___ Record set

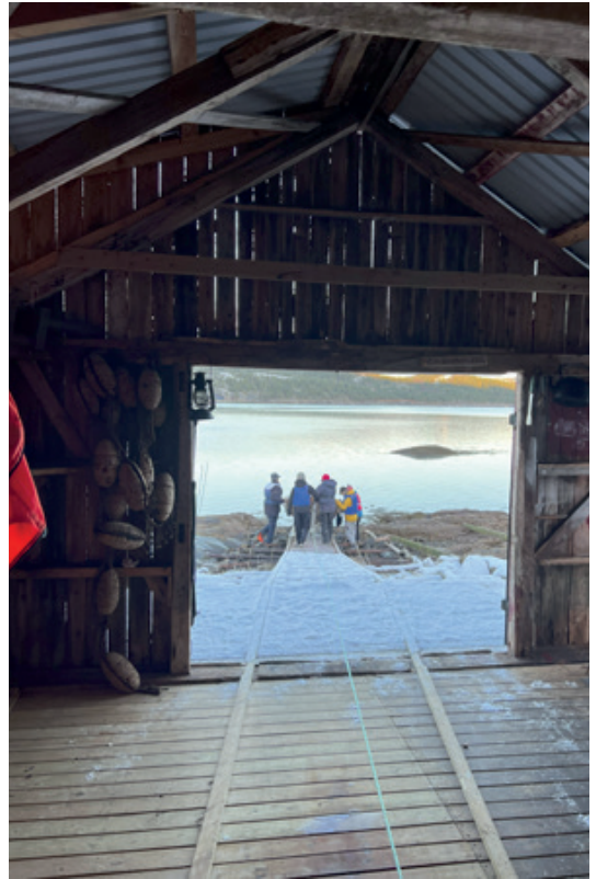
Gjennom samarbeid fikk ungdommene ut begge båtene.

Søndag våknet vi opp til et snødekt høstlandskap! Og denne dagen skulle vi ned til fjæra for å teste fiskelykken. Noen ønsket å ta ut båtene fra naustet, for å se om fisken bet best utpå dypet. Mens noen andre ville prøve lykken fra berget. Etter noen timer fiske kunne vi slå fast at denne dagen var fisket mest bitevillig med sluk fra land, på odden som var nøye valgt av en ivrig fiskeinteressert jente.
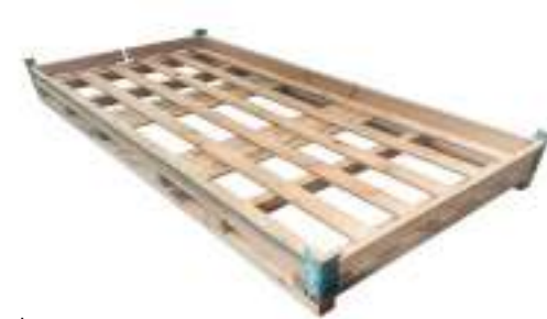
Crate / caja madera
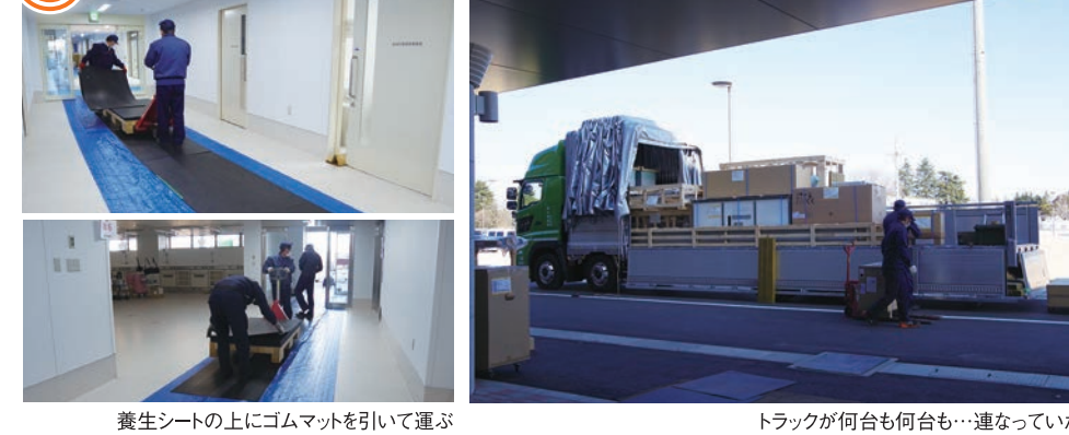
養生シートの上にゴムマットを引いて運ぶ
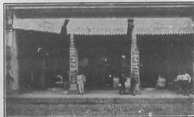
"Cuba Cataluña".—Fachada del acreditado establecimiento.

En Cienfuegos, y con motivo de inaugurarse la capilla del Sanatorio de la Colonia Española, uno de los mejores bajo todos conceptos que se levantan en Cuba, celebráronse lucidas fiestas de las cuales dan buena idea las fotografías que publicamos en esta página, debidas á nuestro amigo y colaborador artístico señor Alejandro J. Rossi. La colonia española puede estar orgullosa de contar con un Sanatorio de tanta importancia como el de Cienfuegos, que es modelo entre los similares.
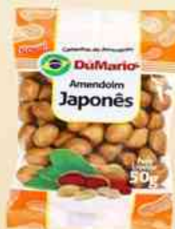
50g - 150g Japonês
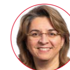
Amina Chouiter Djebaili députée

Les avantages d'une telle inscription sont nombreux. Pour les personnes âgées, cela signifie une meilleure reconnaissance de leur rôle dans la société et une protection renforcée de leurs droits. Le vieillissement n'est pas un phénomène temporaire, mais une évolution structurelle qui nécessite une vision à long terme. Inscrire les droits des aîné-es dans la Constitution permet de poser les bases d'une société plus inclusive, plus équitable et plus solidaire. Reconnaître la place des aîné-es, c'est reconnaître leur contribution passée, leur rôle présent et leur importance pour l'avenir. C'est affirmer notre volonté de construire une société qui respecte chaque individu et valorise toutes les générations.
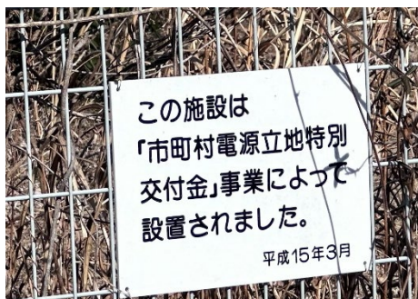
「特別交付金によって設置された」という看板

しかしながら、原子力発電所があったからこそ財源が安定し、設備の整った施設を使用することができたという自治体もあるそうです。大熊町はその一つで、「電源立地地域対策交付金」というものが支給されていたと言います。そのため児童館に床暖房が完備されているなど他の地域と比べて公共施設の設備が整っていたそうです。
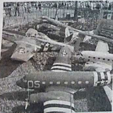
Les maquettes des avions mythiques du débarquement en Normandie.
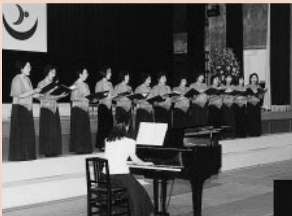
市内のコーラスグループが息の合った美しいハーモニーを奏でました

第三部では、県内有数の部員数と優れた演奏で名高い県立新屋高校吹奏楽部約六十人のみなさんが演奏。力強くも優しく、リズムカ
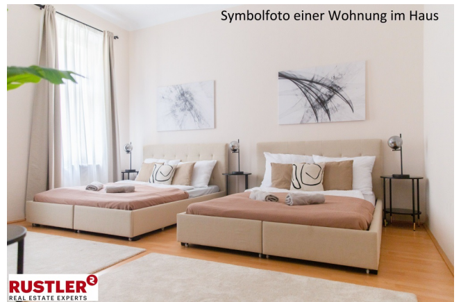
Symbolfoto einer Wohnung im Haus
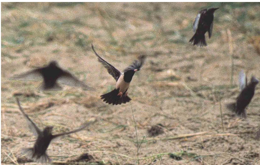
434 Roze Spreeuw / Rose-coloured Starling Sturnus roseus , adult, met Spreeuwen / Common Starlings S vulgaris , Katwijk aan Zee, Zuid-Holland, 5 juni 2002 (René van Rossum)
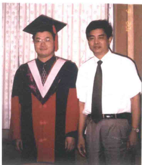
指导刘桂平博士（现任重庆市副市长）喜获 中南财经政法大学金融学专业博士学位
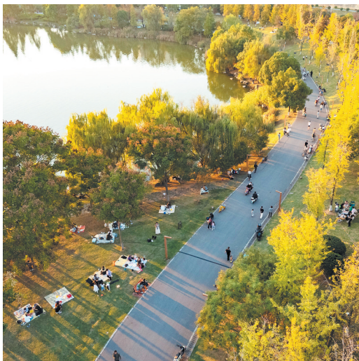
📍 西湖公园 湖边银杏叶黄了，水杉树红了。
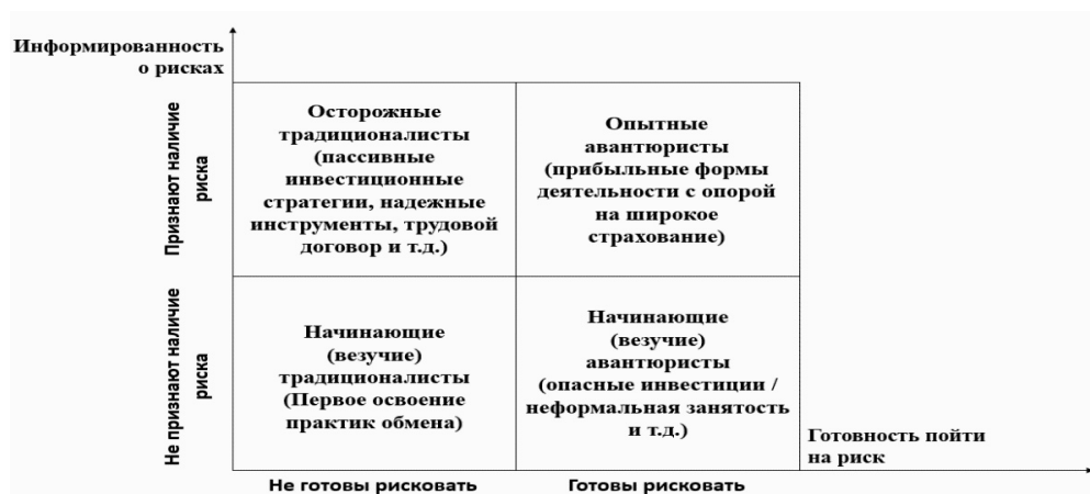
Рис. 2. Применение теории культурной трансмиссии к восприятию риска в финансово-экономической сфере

______

> [Task prompt] Please print the span that begins at the line holding "Symbolfoto einer Wohnung im Haus" and ends at the last line of the data, both ends included, with no pictures.

> [Your solution]
Symbolfoto einer Wohnung im Haus
434 Roze Spreeuw / Rose-coloured Starling Sturnus roseus , adult, met Spreeuwen / Common Starlings S vulgaris , Katwijk aan Zee, Zuid-Holland, 5 juni 2002 (René van Rossum)
指导刘桂平博士（现任重庆市副市长）喜获 中南财经政法大学金融学专业博士学位
📍 西湖公园 湖边银杏叶黄了，水杉树红了。
Рис. 2. Применение теории культурной трансмиссии к восприятию риска в финансово-экономической сфере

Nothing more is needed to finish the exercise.